Don’t get me wrong, it would be very useful to have a standardized system to capture this information. But at some point the system becomes unwieldy. Personally, I’d find it more useful if the transgene sequences were readily available.
I think Ben’s suggestion of indicating the promoter and gene body separately makes sense (which would also accommodate cases where a translation fusion is driven from a heterologous promoter), and completely agree with Hillel’s opposition to super/subscripts (difficult to parse).
At one of the 2012 topic meetings, each session started with a slide outlining preferred nomenclature for strains and transgenes.
As this was different from what we thought was the standard for transcriptional reporters (“pgene_name::GFP”, with only “gene_name” italicised),
I asked Jonathan Hodgkin who was then WormBase Gene Name and Genetic Map Curator.
He replied:
"The format that you have used is generally deprecated, even though it can be found in many publications,
and it has been specifically criticised by various researchers and curators,
(particularly now that we have four-letter gene names,
which means that the initial p tends to get seen as part of the gene name).
Hence, the general recommendation is for promoter fusions to be written as gene-1p::gfp,
all italicized. This is what many labs have routinely used in the past.

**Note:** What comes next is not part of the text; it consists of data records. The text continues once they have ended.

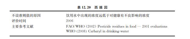 西維因(CASNo.63 25 2)是一種用于控制農(nóng)作物、樹木和觀賞植物害蟲的廣譜氨基 甲酸酯類殺蟲劑,它在公共衛(wèi)生和獸醫(yī)實(shí)踐中也有一些用途(見表12.20)。尚未有報(bào)道證明 飲用水中含有西維因,但它可能會(huì)經(jīng)滲流和噴灑進(jìn)入地表水。因此,除非在特殊情況下,通 過飲用水的接觸量是非常低的。普通人群中,攝入西維因的主要途徑是食物,但殘余量認(rèn)為 相對較低.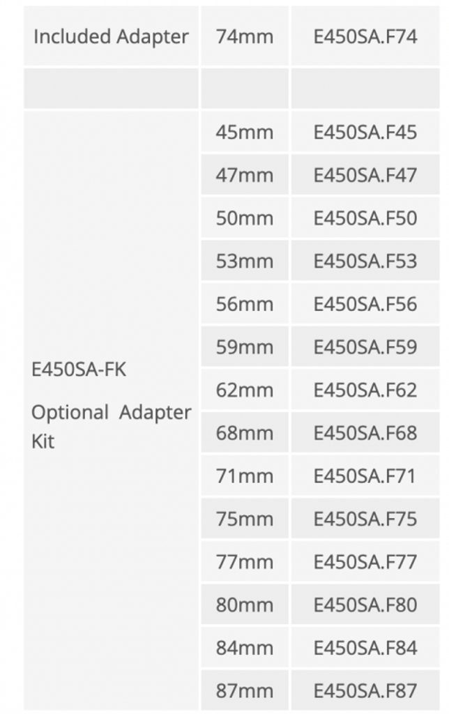 Kit of 14 optional adapters of different diameters for the shock-absorber disassembler (code 990.E450SA).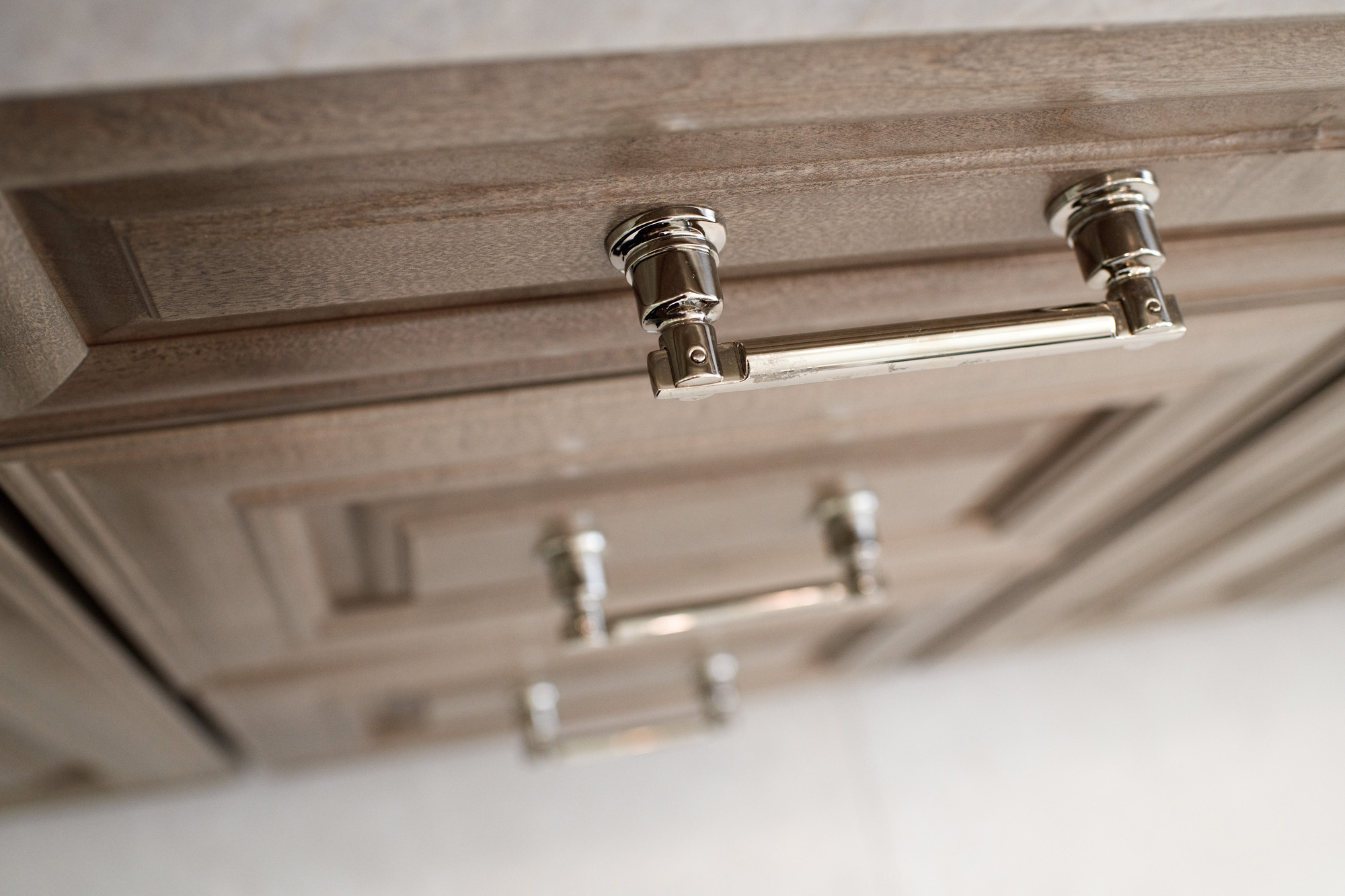 Hardware: Polished-nickel pulls and knobs—refined details that echo the fixtures and elevate every cabinet touchpoint.

I did specifically ask Marty Chalfie whether he preferred gfp or GFP in this context, and he said gfp,
so we are going with that version".
“Gene fusions incorporated in transgenes that consist of a C. elegans gene or part thereof fused to a reporter such as lacZ or GFP are indicated by the C. elegans gene name followed by two colons and the reporter, all italicized: pes-1::lacZ, mab-9::GFP. No specific recommendations have been made for distinguishing between transcriptional and translational fusions.”
I think this issue is irrelevant if the long full construction of the transgene is written. For example par-1p::par-1::gfp would probably be interpreted as par-1 promoter in front of par-1 gene fused to gfp protein to the C terminus of par-1 (also sometimes people write this if GFP is at the N terminus which is also confusing).

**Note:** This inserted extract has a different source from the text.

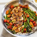 - Bake for 25-30 minutes until chicken reaches an internal temperature of 165°F (74°C) and veggies are tender-crisp.

Authors want to save space in papers and figures though and so some people might just prefer to write par-1::gfp in text or on a figure this is the situation where it isn’t clear if they are saying it is a fusion or a transcriptional reporter.
A simple space thrifty solution might be to use par-1::gfp for the transcriptional reporter and par-1=gfp for the translational reporter with the two solid lines of an equal sign being similar to two colons but “connected” just like the proteins.
given the ease of including links to supplementary figures/graphs/text then I would have thought lack of will rather than space was the problem here and that it was enough to:
write out in full the construct along the lines already mentioned
describe the construct in sufficient detail such that it would be useful as an archive.
Shorthand is great, but sometimes one just has to make the effort and say what you mean.